To literacki odpowiednik tripu – jazdy bez trzymanki przez krainę zbudowaną z magii, wspomnień i szaleństwa. I choć brzmi to jak chaos, całość jest perfekcyjnie przemyślana, z wyczuciem balansująca na granicy horroru i poezji.
Dark fantasy, które wyrywa się z ram
Czerwona Królowa to nie tylko opowieść o Alicji. To komentarz społeczny, analiza traumy, dekonstrukcja bajkowej niewinności. Jeśli lubisz literaturę, która nie głaszcze, ale rzuca cię w przepaść i patrzy, czy się podniesiesz – ta książka jest dla Ciebie.
Idealna dla fanów:
-
dark fantasy i psychologicznego horroru,
-
retellingów znanych baśni w nowej, dojrzałej odsłonie,
-
serii takich jak Opowieści z Meekhańskiego Pogranicza, Cień i kość, Wojna Lotosowa,
-
książek, które stawiają pytania, a nie udzielają odpowiedzi.
Styl, który tnie jak nóż
Język tej powieści jest surowy, brutalny, ale też pięknie rytmiczny.
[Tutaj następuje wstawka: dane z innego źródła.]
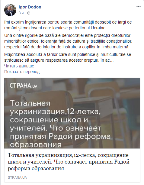 "Как президент Республики Молдова, обращаюсь к киевской власти с призывом пересмотреть свою новую политику в отношении этнокультурных меньшинств. Напоминаю им, что в Молдове права украинской общины придерживаются", - отметил Додон, репостнув статью "Страны" про реформу образования.

Autor bawi się formą, przerywa narrację wizjami, rozbija zdania niczym szklanki. To styl, który od pierwszych stron mówi: nie będzie łatwo. Ale jeśli przetrwasz, zostaniesz nagrodzony.
Każde słowo ma tu znaczenie. Każdy dialog niesie podtekst. Każda scena może zmienić bieg historii.